How to get the result of a complex Wikipedia templ

2019-05-19 00:44发布

This is a question that is a bit hard to follow but I will do my best explaining it. First, let me present an example page:

http://en.wikipedia.org/wiki/African_bush_elephant

That's a wikipedia page, a specie page in particular since it has the 'taxobox' to the right. I'm trying to parse the attributes in that taxobox using PHP. There's two ways in Wikipedia to create such a taxobox: manually, or by using the special "auto taxobox" template.

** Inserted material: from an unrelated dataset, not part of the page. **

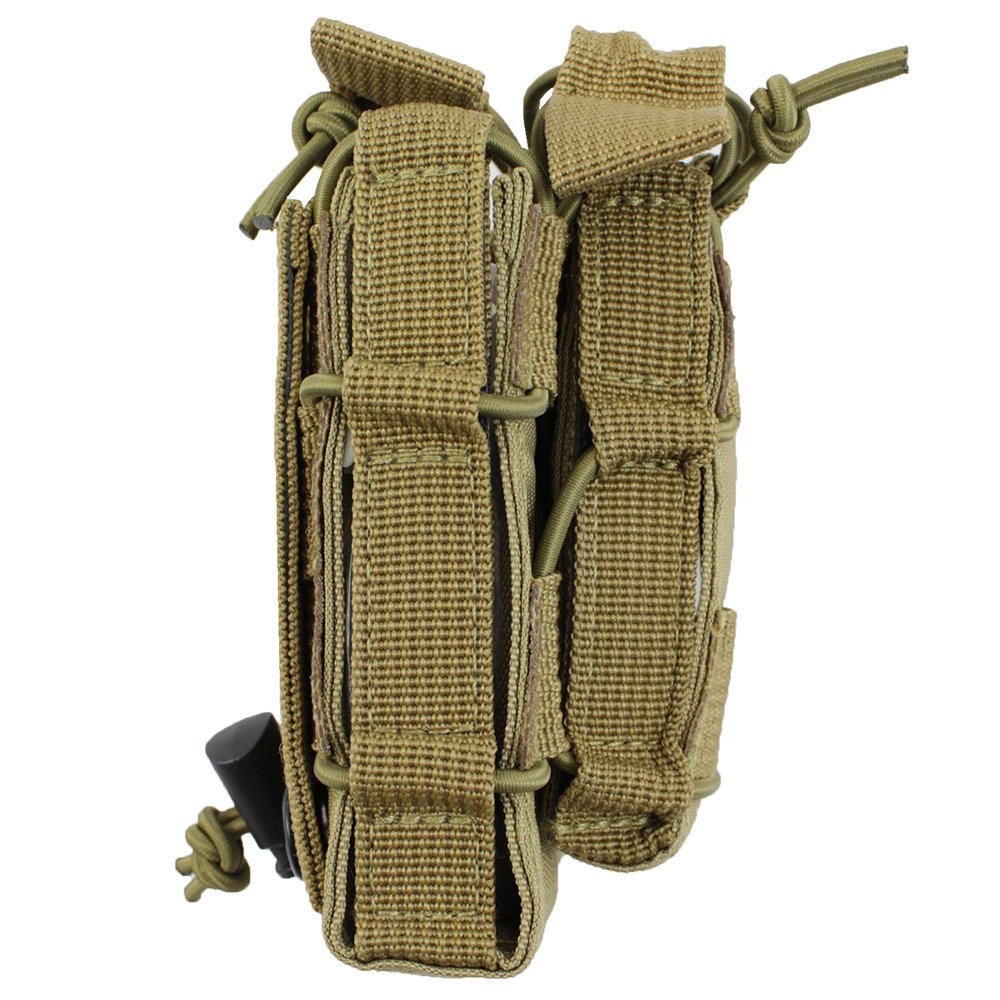 The Cybergun Cybergun Rifle and Pistol Mag Pouch is a versatile and reliable accessory to have in the field. This combo pouch fits both pistol and rifle mag types, and is designed to keep them securely in place with adjustable retention straps. The nylon canvas is stain resistant and comes equipped with MOLLE system mounts for direct gear attachment.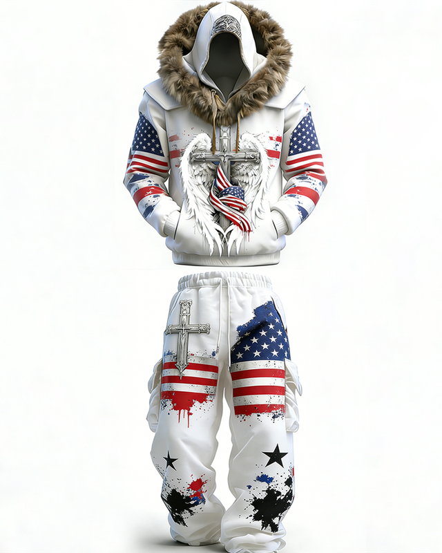 Men's Spring Fashion Color-Block Embroidered Faux Fur Collar Hoodie and Pants Two-Piece Set 4659

I can parse the manual one. I use Wikipedia's API to return the page's content in json format, next I use some regular expressions to get those properties.

In the case of an auto taxobox, however, the content returned is like this:

> {{automatic taxobox | name = African Bush Elephant<ref
> name=MSW3>{{MSW3 Proboscidea | id = 11500009 | page =
> 91}}</ref> | status = VU | status_system = iucn3.1 | status_ref
> = <ref name=IUCN>{{IUCN2010|assessors=Blanc, J.|year=2008|version=2010.1|id=12392|title=Loxodonta
> africana|downloaded=04 April 2010}}</ref> | trend = unknown |
> image = African Bush Elephant.jpg | taxon = Loxodonta africana |
> synonyms = ''Loxodonta africana africana'' | binomial = ''Loxodonta
> africana'' | binomial_authority = ([[Johann Friedrich
> Blumenbach|Blumenbach]], 1797) }}

If you'd compare this with the actual page as you would see it on Wikipedia, you'll notice several attributes are missing. For example, the property "Kingdom" is visible on the real page but not returned here. There's more properties missing like that.

This is like due to the template needing Wikipedia's server side command to transform the template into actual output. I learned that the API has an "expandtemplates" action, which you can send a snippet like the one above, and you'll get the results returned as the user would see it. I'm using this for several templates and it works, but unfortunately not for the auto taxobox template. Click this link to see what expandtemplates returns:

complete link

As you can see, the template doesn't actually expand. Instead, it shows more templates, nested and repeated several times.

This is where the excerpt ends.